ALIGNBEAM : Inference-Time Alignment Transfer via Cross-Vocabulary Logit Mixing
English summary
The paper introduces ALIGNBEAM, a training-free method that transfers safety alignment from an anchor model to a target specialist during inference, even when they have different vocabularies. It works by translating anchor logits token-by-token into the target vocabulary at each decoding step, then using a small LLM judge to select the safest among K candidate continuations. No model weights are altered, and the safety-utility trade-off can be tuned at deployment. Across both cross-vocabulary and same-vocabulary settings, ALIGNBEAM significantly increases refusal on adversarial safety benchmarks while maintaining task accuracy and practical inference overhead. The results demonstrate that safety alignment can be effectively transferred between model families at inference time without modifying either model.
Chinese summary
本文提出了ALIGNBEAM,一种无需训练的方法,可在推理时将安全对齐从锚模型迁移到目标专业模型,即使两者词表不同也能工作。该方法在每个解码步骤将锚逻辑值逐Token翻译到目标词表,然后由一个小型LLM评审选择最安全的K个候选续写。不修改任何模型权重,安全-效用权衡可在部署时调节。在跨词表和同词表的评估中,ALIGNBEAM在对抗性安全基准上将拒绝率大幅提升,同时保持任务准确率和可接受的推理开销。结果表明,安全对齐可以在推理时跨模型家族传递,无需改动模型权重。
Key points
Overcomes the vocabulary-sharing limitation of existing logit-mixing defenses by translating anchor logits token-by-token into the target vocabulary.

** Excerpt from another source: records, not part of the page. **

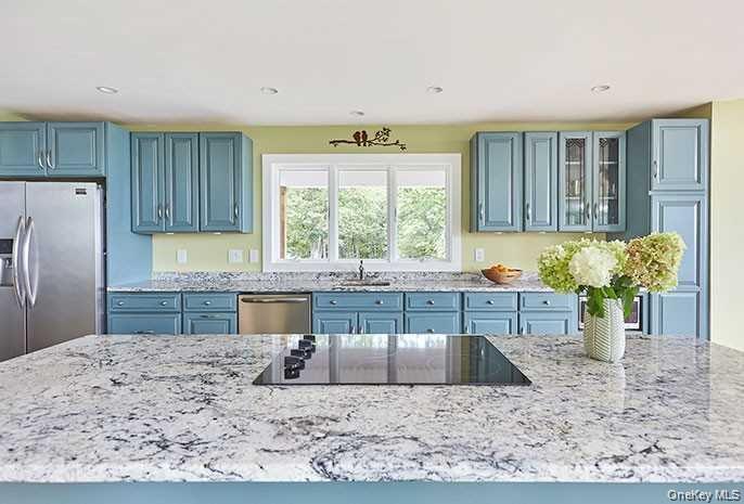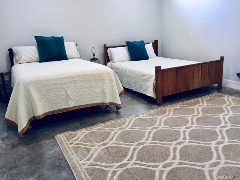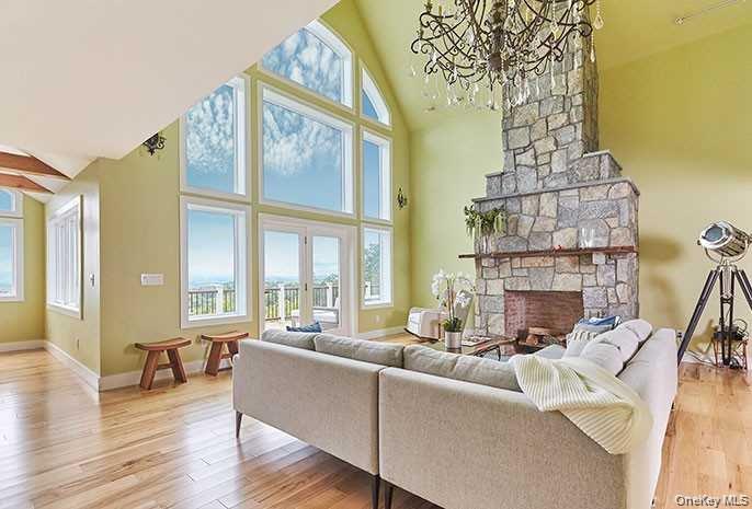 This custom-built house is located on a private road in Milan and offers sweeping views of the Berkshires and Stissing Mountain. The main level consists of a spacious open floor plan and features a living area with double-height ceilings, a stone two-story fireplace, beautiful kitchen & several dining areas. Ample windows and an expansive deck offer panoramic views from all three areas. The primary bedroom with ensuite bathroom, a powder room, and laundry room complete the first floor. On the second floor, there are two bedrooms and a full bathroom. The fully finished basement, perfect for guests or as an in-law suite, boasts high ceilings, poured concrete floors with radiant heat, two rooms that can be used as bedrooms and are equipped with beds, a full bath, an efficiency kitchen, and a family room that opens to a bluestone patio. There is a beautiful in-ground, heated pool, plus an outbuilding which adds approximately 800 sf of finished space on two levels, with a second floor deck, and a detached 2-car garage. The home sits on three private, landscaped acres.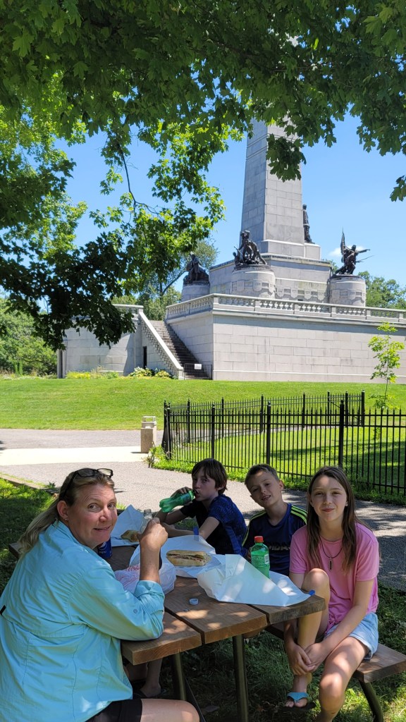 Before we got to Missouri we passed through Springfield, Illinois so we thought we’d visit one last Tomb. This one was for President Abraham Lincoln who lived most of his life in this town. First we found a picnic table outside and had lunch with Mr. Lincoln.
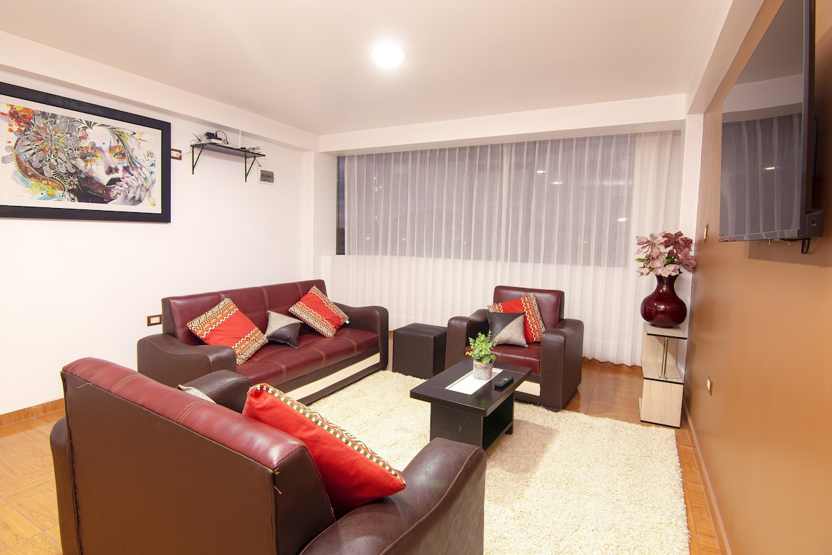 Apartament la etajul al doilea, la 5 străzi de aeroportul Inca Manco Capac din Juliaca, zonă liniștită, are o bucătărie mobilată cu sufragerie, living, două dormitoare cu paturi de 2 persoane și un garaj cu o plată suplimentară.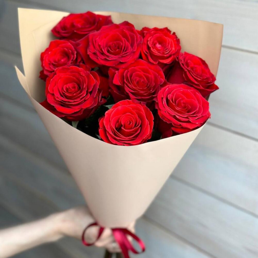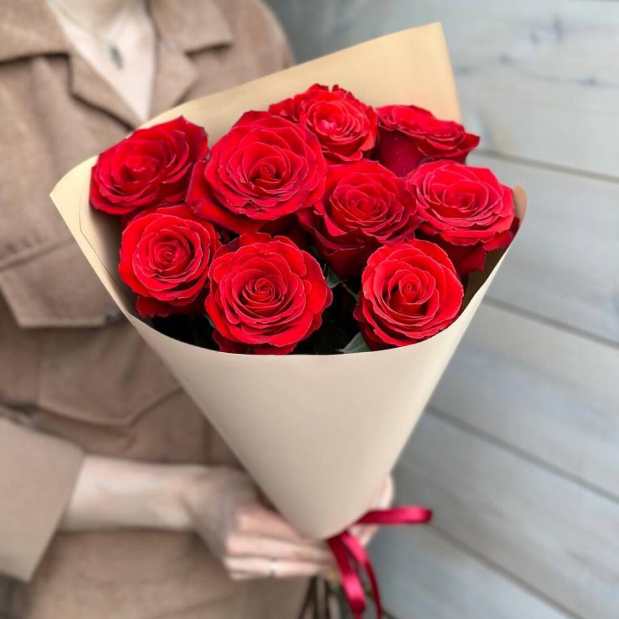 На фото букет из 9 красных роз. В составе: роза 9 шт, крафт-бумага 1 шт, атласная лента 1 шт, . Все цветы свежие и ароматные, букет красиво оформлен и отлично подходит для подарка. Доступна доставка цветов или самовывоз.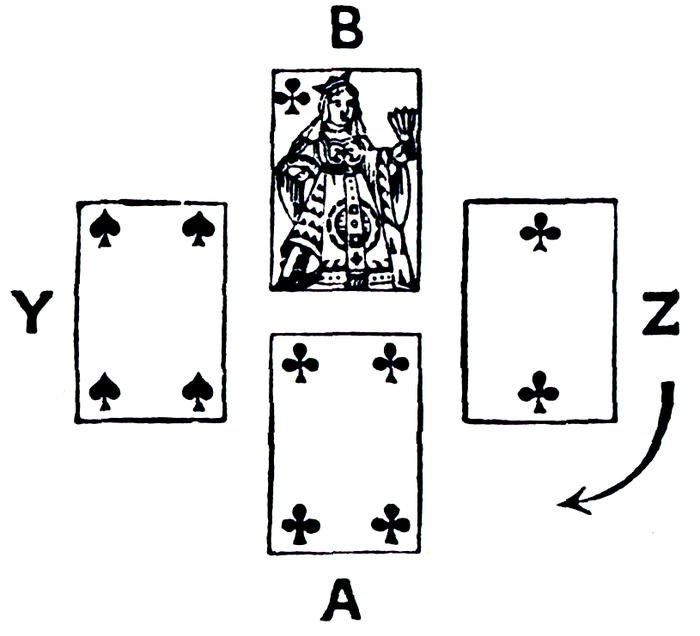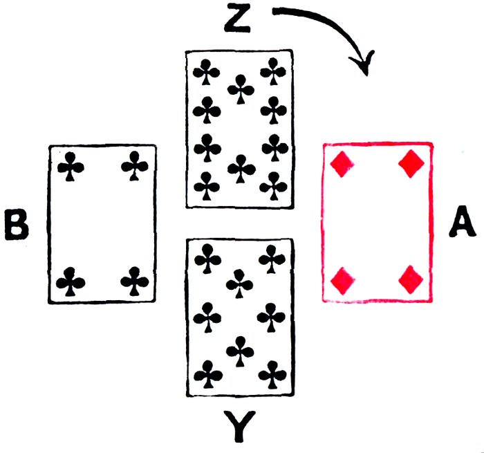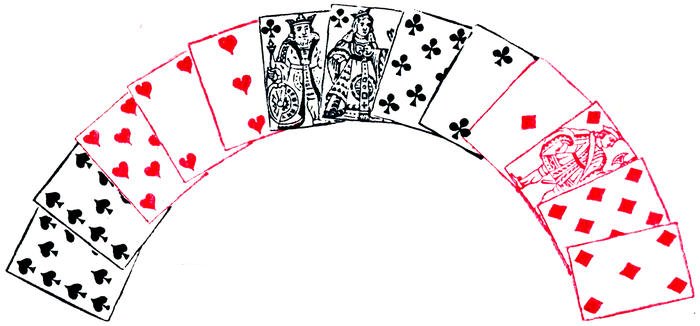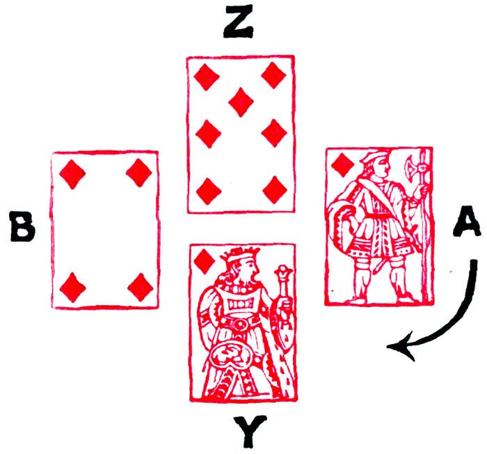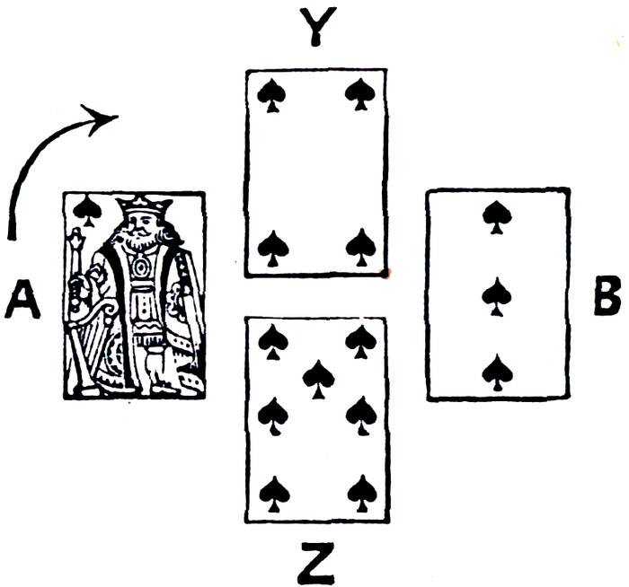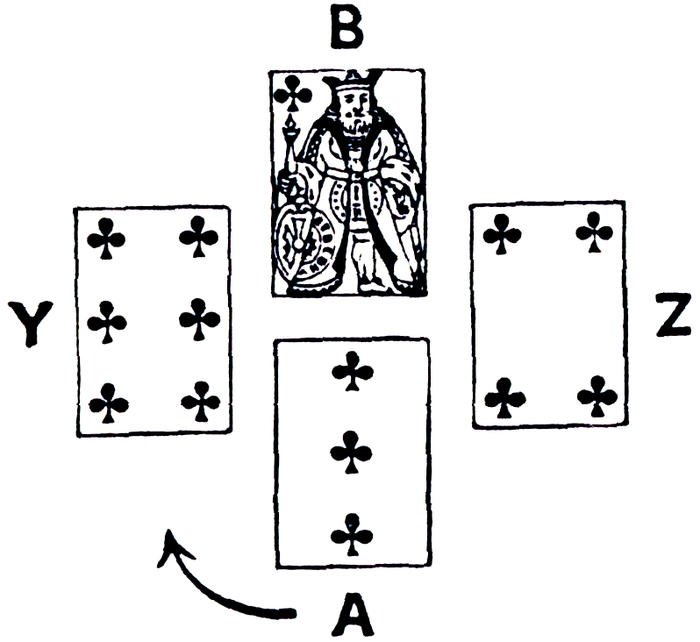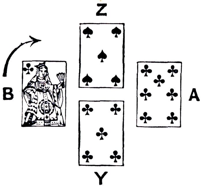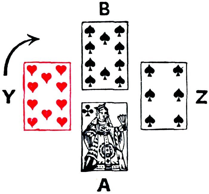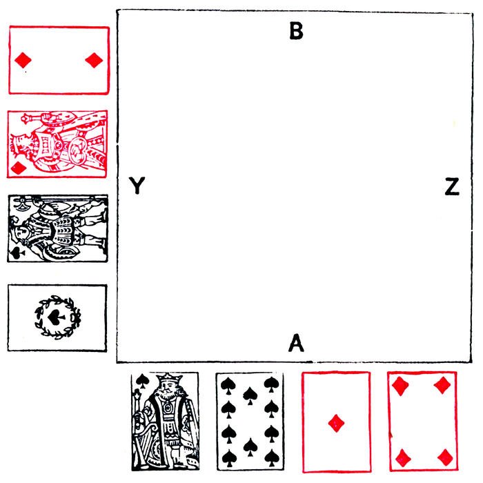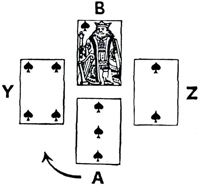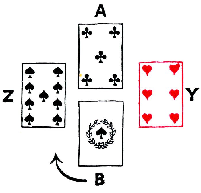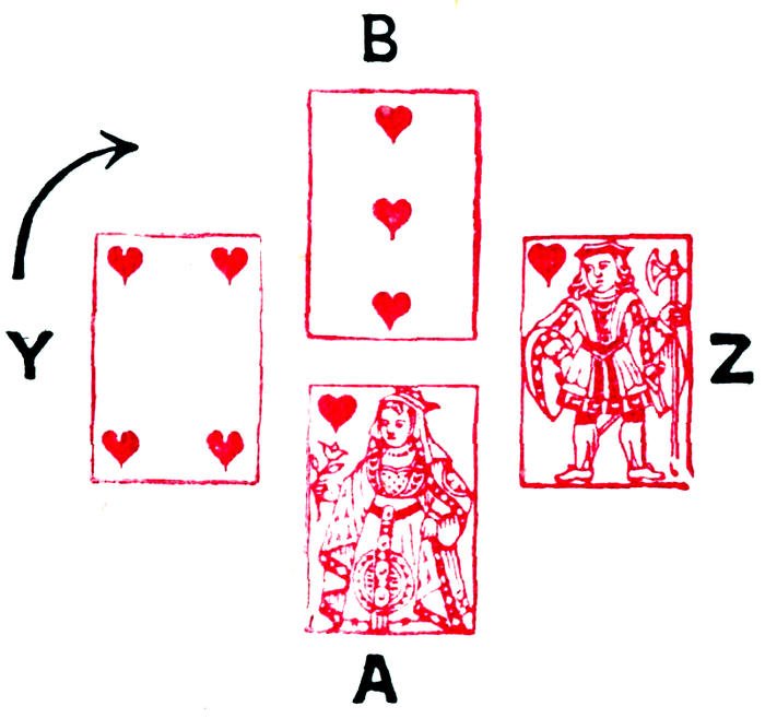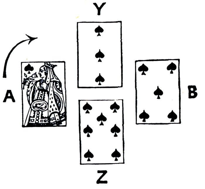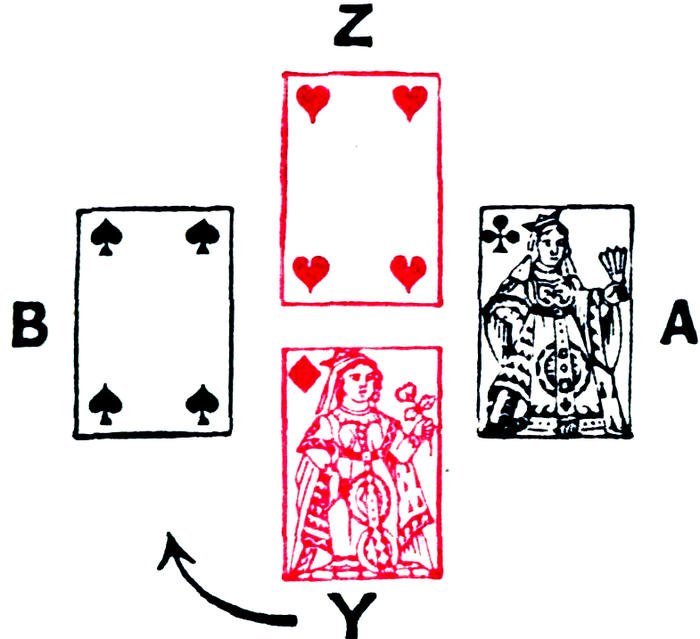 19. Three players cutting cards of equal value cut again; should the fourth (or remaining) card be the highest, the two lowest of the new cut are partners, the lower of those two the dealer; should the fourth card be the lowest, the two highest are partners, the original lowest the dealer.[5]

通过将锚逻辑值逐Token翻译到目标词表,克服了现有逻辑值混合防御必须共享词表的限制。
Uses a small LLM judge to select the safest continuation among K candidates at each step, with no weight changes needed.
每一步使用小型LLM评审从K个候选续写中挑出最安全的,无需修改任何权重。
Tunable safety-utility trade-off can be adjusted at deployment time without retraining.
可在部署时调节安全与效用的权衡,无需重新训练。
Evaluated on cross-vocabulary pairs, it substantially raises refusal rates on adversarial benchmarks while keeping task accuracy and inference overhead practical.
在跨词表对上的评估显示,对抗基准上的拒绝率显著提升,同时任务准确率和推理开销保持在实用范围内。